> [Exercise requirements] Would you write out the listing verbatim and skip every picture in it?

══ Supplied material ══

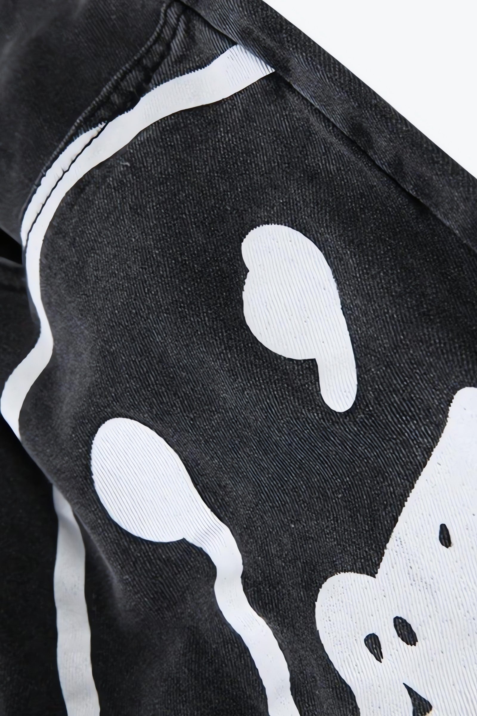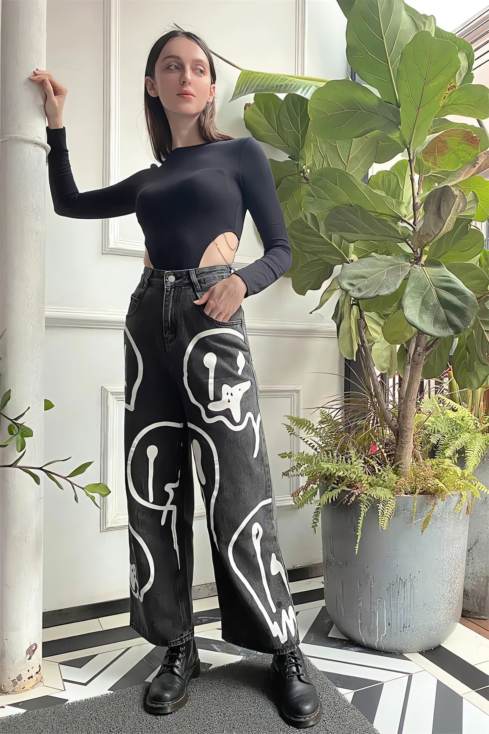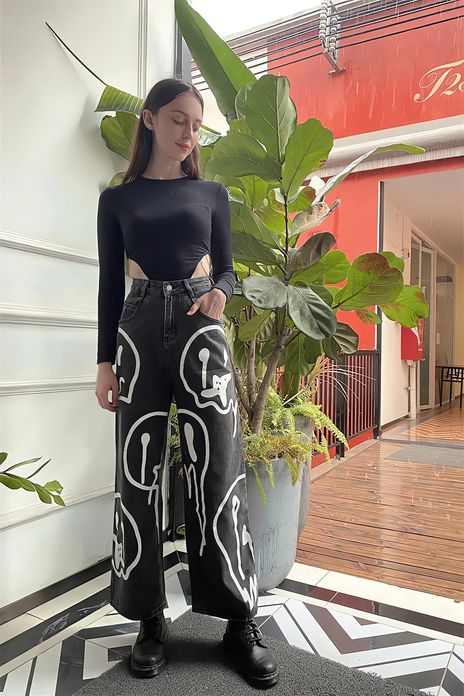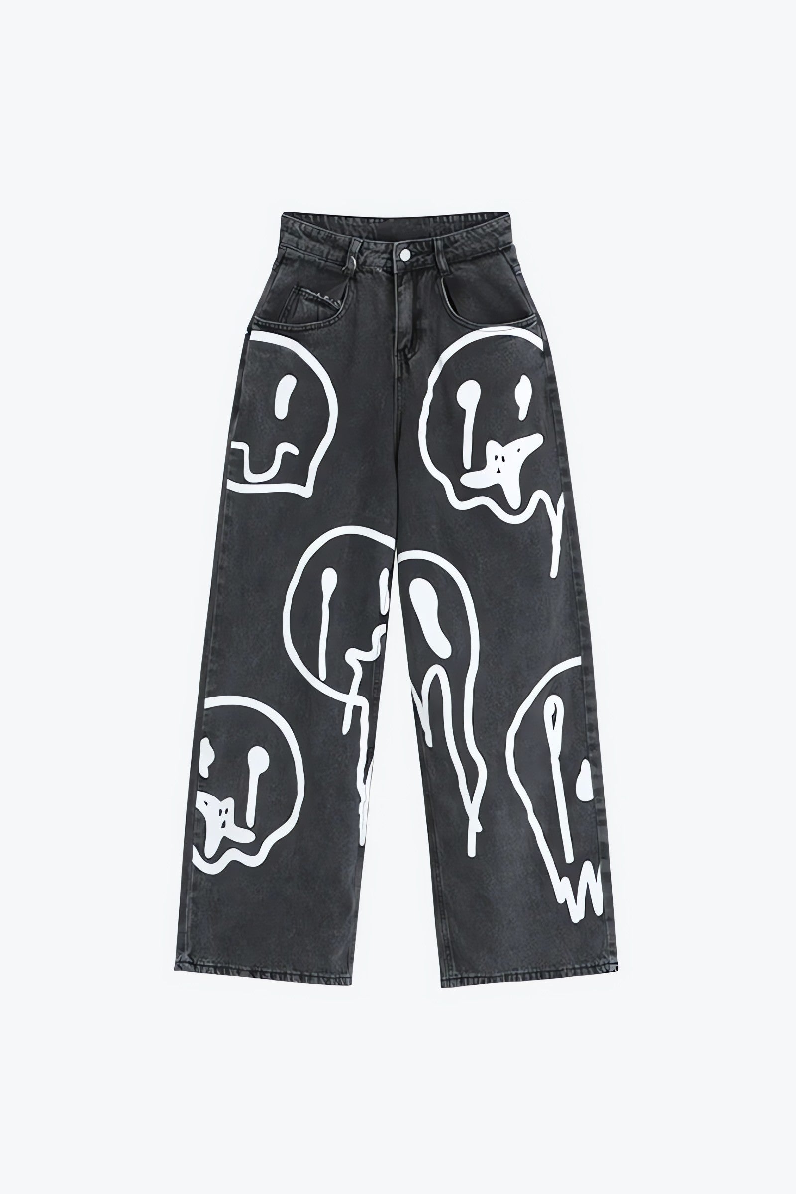 Experience the ultimate fusion of comfort and style with our 'Smiley Jeans'. These jeans are designed to brighten up any outfit, with their playful black smiley face pattern that stands out against the classic blue denim. Here's what you can expect:
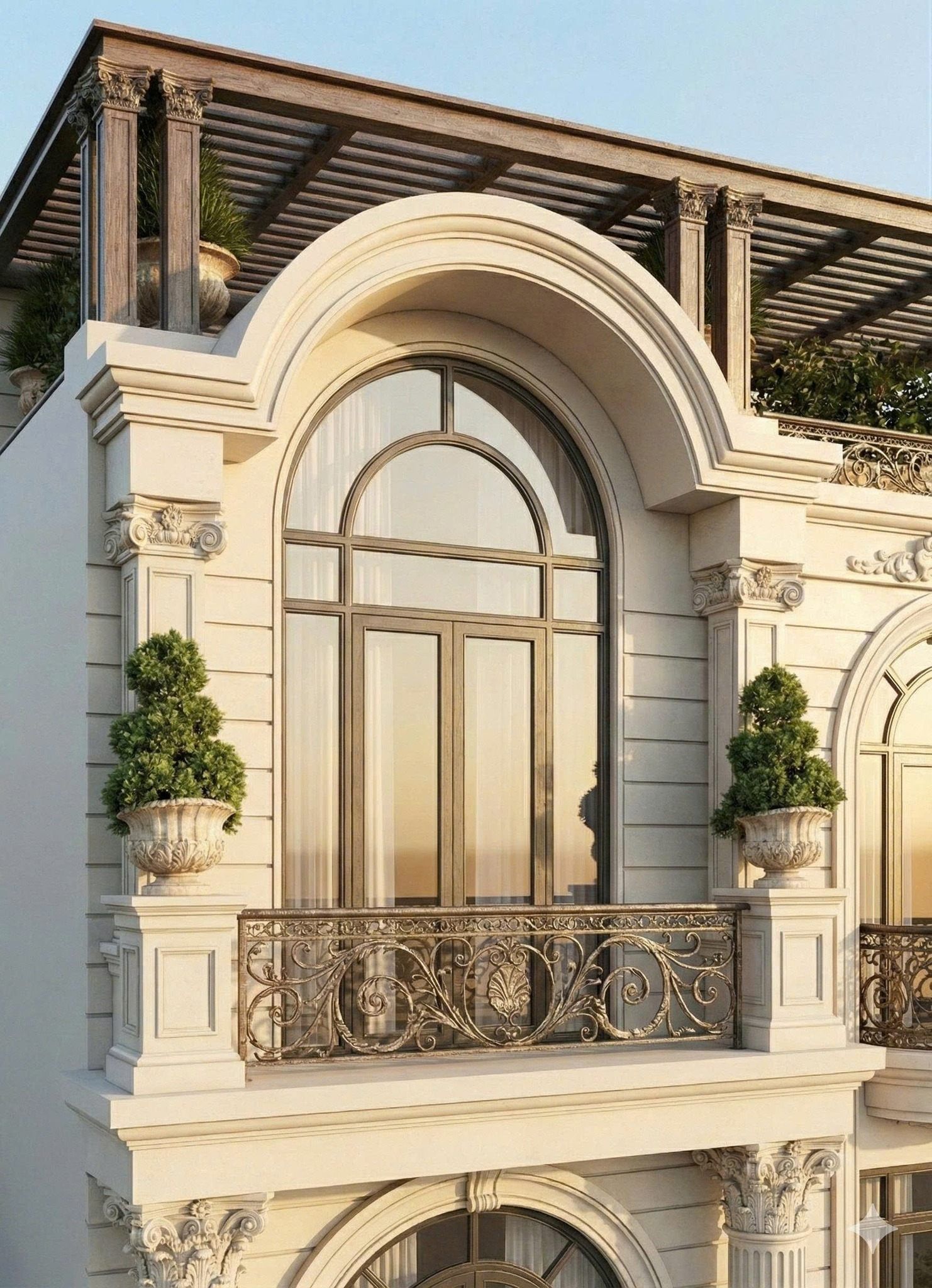 Hệ vòm cong mềm mại kết hợp ban công sắt mỹ thuật tinh xảo
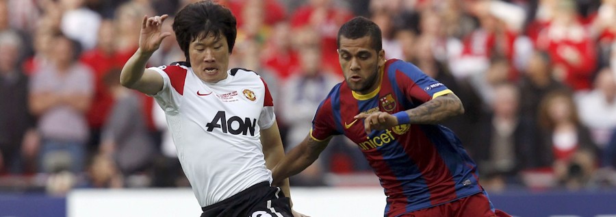 El surcoreano Park Ji-Sung intenta arrebatarle el balón al incombustible Dani Alves.
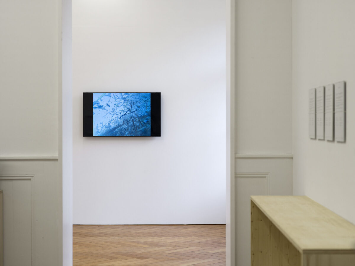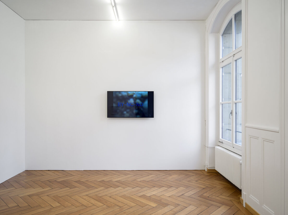 Karen Amanda Moser interessiert sich in Vision d’intérieur für bürokratische und juristische Prozesse, entlang derer sich Urheber*innenschaft, Eigentumsverhältnisse und menschliche Beziehung organisieren. Ohne Titel (Rauschen) (2023) zeigt die Videoaufnahmen einer auf dem Meeresboden verloren gegangenen GoPro-Kamera. Die aufgenommenen Bilder haben keine direkte Autor*innenschaft, da die Kameraführung einzig durch die Bewegung des Meeres geschah. Als Konsequenz macht die Künstlerin das Video auf der Plattform Vimeo öffentlich zugänglich. Immer wieder wird im Video das Wasserzeichen mit dem Schriftzug BY-NC-ND sichtbar – die restriktivste Lizenz unter den Creative Commons, welche die Bedingungen der Weiterverwendung von Werken regulieren.

═══

> [Response to the exercise]
 Experience the ultimate fusion of comfort and style with our 'Smiley Jeans'. These jeans are designed to brighten up any outfit, with their playful black smiley face pattern that stands out against the classic blue denim. Here's what you can expect:
 Hệ vòm cong mềm mại kết hợp ban công sắt mỹ thuật tinh xảo
 El surcoreano Park Ji-Sung intenta arrebatarle el balón al incombustible Dani Alves.
 Karen Amanda Moser interessiert sich in Vision d’intérieur für bürokratische und juristische Prozesse, entlang derer sich Urheber*innenschaft, Eigentumsverhältnisse und menschliche Beziehung organisieren. Ohne Titel (Rauschen) (2023) zeigt die Videoaufnahmen einer auf dem Meeresboden verloren gegangenen GoPro-Kamera. Die aufgenommenen Bilder haben keine direkte Autor*innenschaft, da die Kameraführung einzig durch die Bewegung des Meeres geschah. Als Konsequenz macht die Künstlerin das Video auf der Plattform Vimeo öffentlich zugänglich. Immer wieder wird im Video das Wasserzeichen mit dem Schriftzug BY-NC-ND sichtbar – die restriktivste Lizenz unter den Creative Commons, welche die Bedingungen der Weiterverwendung von Werken regulieren.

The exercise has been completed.